Department of Orthodontics, University of Ferrara, Ferrara, Italy.
Angle Orthod. 2010 Jan;80(1):145-52. doi: 10.2319/122908-662.1.
To test the hypothesis that palatal bone is not able to support titanium miniscrews (11 mm in length and 2 mm in diameter) when subjected to forces normally generated during orthodontic treatment.
The miniscrew-palatal bone system was modeled and analyzed using the commercial finite element method software ANSYS Multiphysics 10.0; tests were done in both a state of total osseointegration and in the absence of it. Calculations were carried out in both cases in configurations where the miniscrew was inserted into two different palatal regions: in the first it was anchored in one layer of cortical bone and in the underlying trabecular bone; in the second, two layers of cortical bone and the trabecular bone in between were involved. Two different loads were taken into account, 240 gf and 480 gf, both of which are within the normal range for orthodontic treatment, and applied to the miniscrew heads.
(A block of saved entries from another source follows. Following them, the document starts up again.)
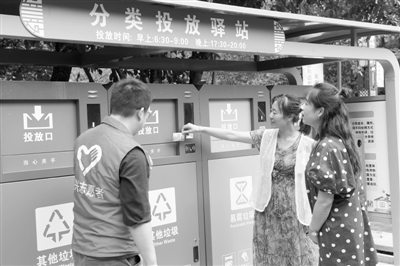 居民自覺垃圾分類、巡檢員常態化監督,居委會、業委會、物業共同落實家庭承包責任制,成了支撐垃圾分類工作貫徹落實的關鍵。
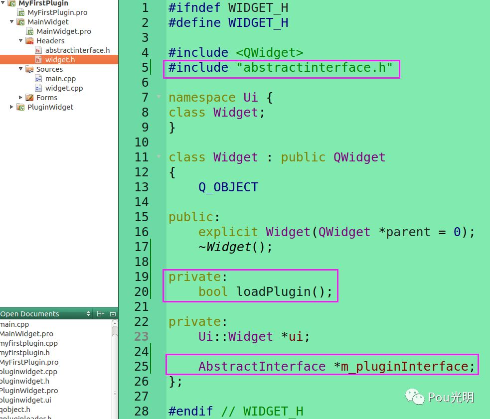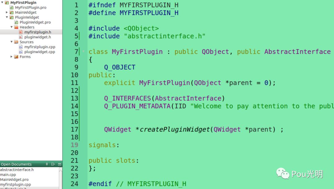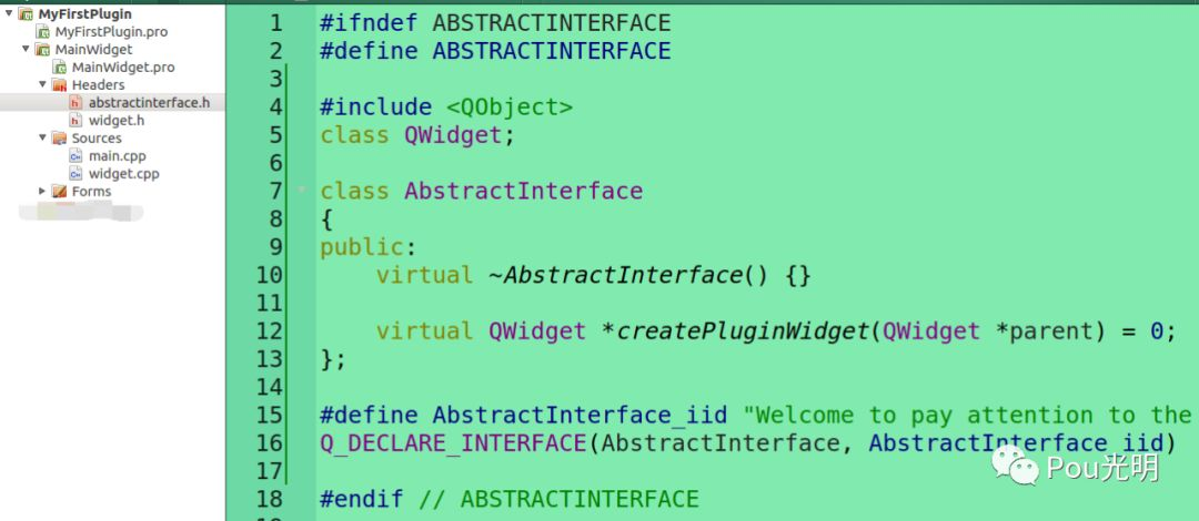 这步还没结束,还要再继承AbstractInterface类,但是在myfirstplugin.h中无法直接包含abstractinterface.h,这时需要修改PluginWidget.pro。根据创建的目录添加INCLUDEPATH += ../MainWidget,这时就可以include abstractinterface.h了。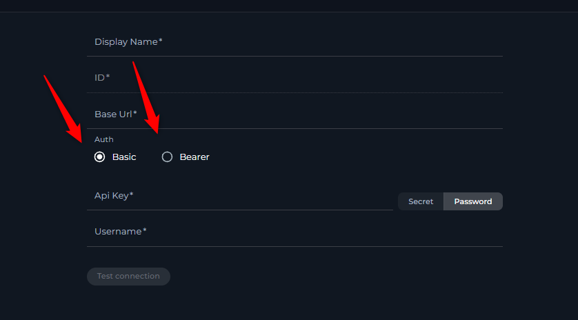 - Review All Fields: Carefully check all configuration sections, including: Basic configuration fields Advanced settings Authentication/credential fields Integration-specific parameters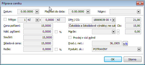 Multiplier is a figure that provides the option to take various variances of supplier prices into consideration (discounts,... - multiplier <1; transport, surcharges >1 etc.). You may assign 4 factors to each Product Group, which will further project into the net purchasing price of articles via multiplying all coefficients and the entered price. For instance, if we select one multiplier =0,5 and we do not enter the others, then after entering the price of 100 CZK the final net price will be equal to 100 x 0,5 = 50 CZK.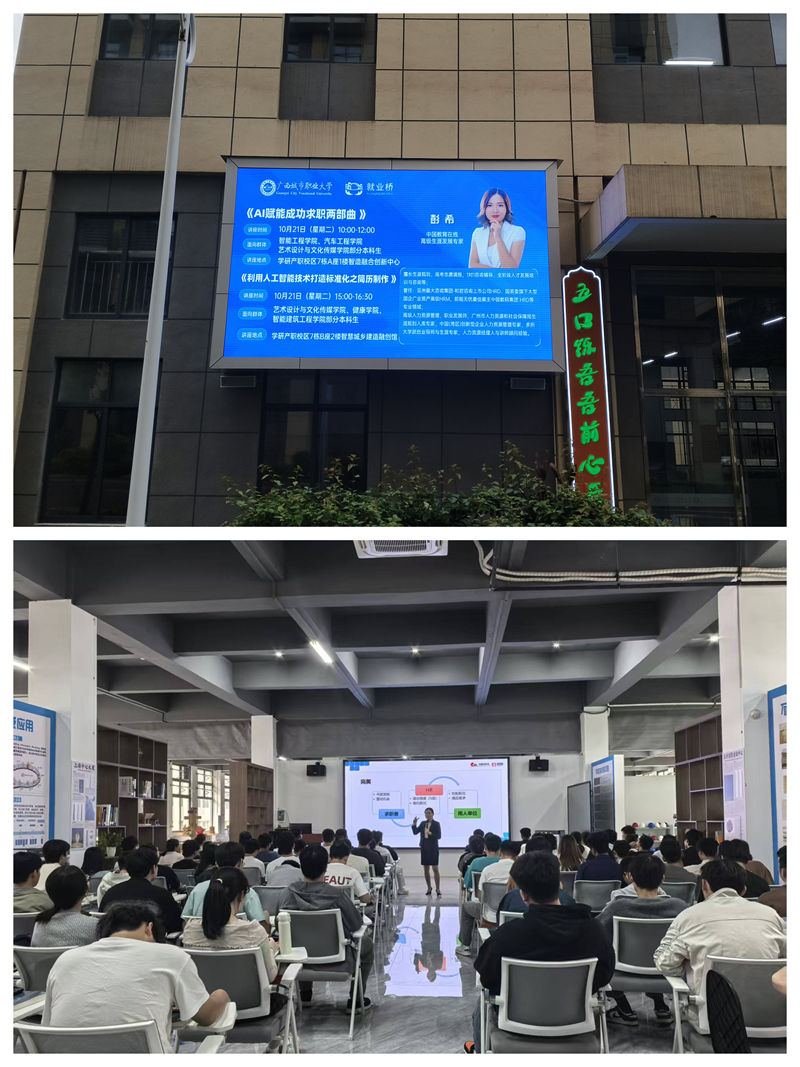 2025.10.21广西城市职业大学诚邀中国教育在线高级生涯导师彭希主题为《AI赋能成功求职两部曲》《利用人工智能赋能简历制作》讲座,解锁成功求职的必胜秘籍,让就业指导更有温度,更有科技力!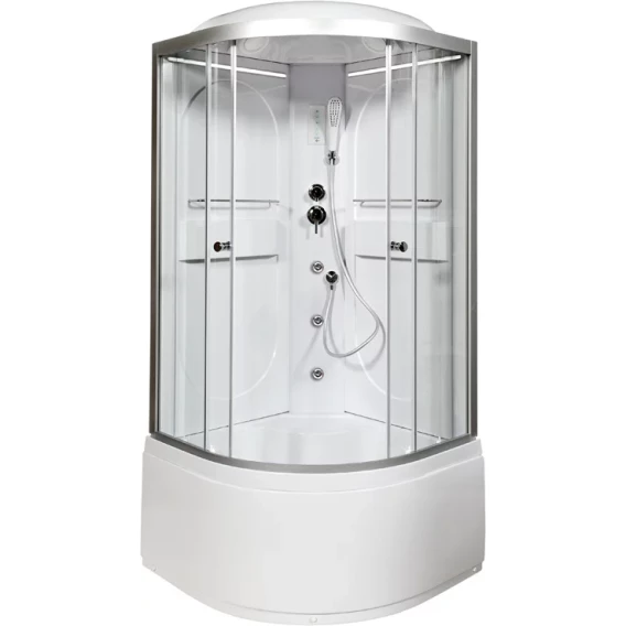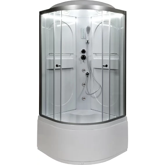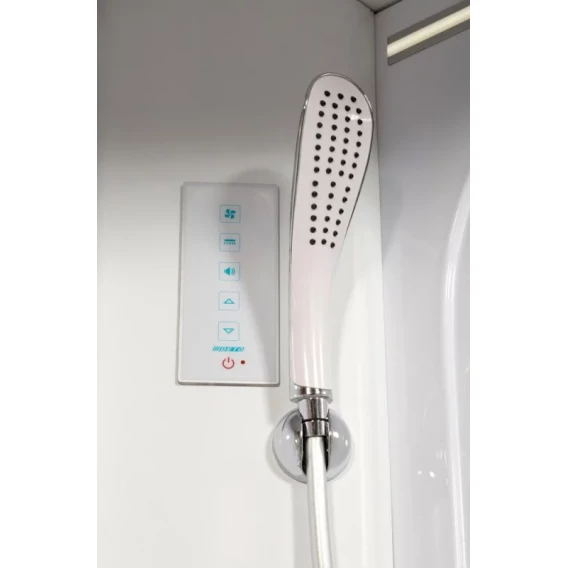 Душевой шланг, Душевая лейка, Держатель для душевой лейки, Подключение для душевого шланга, Ручки, LED подсветка, Верхний душ, Металлический каркас, Поддон, Сиденье, Смеситель, Сифон, Ножки

The results demonstrated that the miniscrew inserted into the palate can be anchored to bone and loaded within normal orthodontic force range without exceeding the stress levels that lead to bone fracture. The osseointegrated system was characterized by a lower level of stress than the nonosseointegrated one, but anchorage within the second layer of cortical bone markedly reduced the stress on the trabecular bone, thereby improving the stability of the implant, also in the absence of osseointegration.
The hypothesis is rejected. Miniscrews loaded within the normal orthodontic force range do not exceed the stress levels that lead to bone fracture.
验证下述假设,即在上颌骨承受正畸治疗中产生的正常力的情况下,无法将长度为 11 毫米、直径为 2 毫米的钛质微螺钉(miniscrew)固定于腭骨。
使用商业有限元方法软件 ANSYS Multiphysics 10.0 对微螺钉-腭骨系统进行建模和分析;在完全骨整合和未完全骨整合两种状态下进行测试。在两种情况下,均对微螺钉植入两个不同的腭骨区域的配置进行了计算:第一种情况,微螺钉固定于一层皮质骨和下方的小梁骨;第二种情况,涉及两层皮质骨和其间的小梁骨。考虑了两种不同的负载,240 gf 和 480 gf,两者均在正畸治疗的正常范围内,并施加于微螺钉头部。
结果表明,植入腭骨的微螺钉可以在不超过导致骨折的骨应力水平的情况下,与骨骼固定并承受正常正畸力范围内的负载。与非骨整合系统相比,整合系统的骨整合系统的应力水平较低,但在第二层皮质骨内固定可显著降低小梁骨上的应力,从而提高植入物的稳定性,即使在没有骨整合的情况下也是如此。
该假设被否定。在正常正畸力范围内负载的微螺钉不会超过导致骨折的骨应力水平。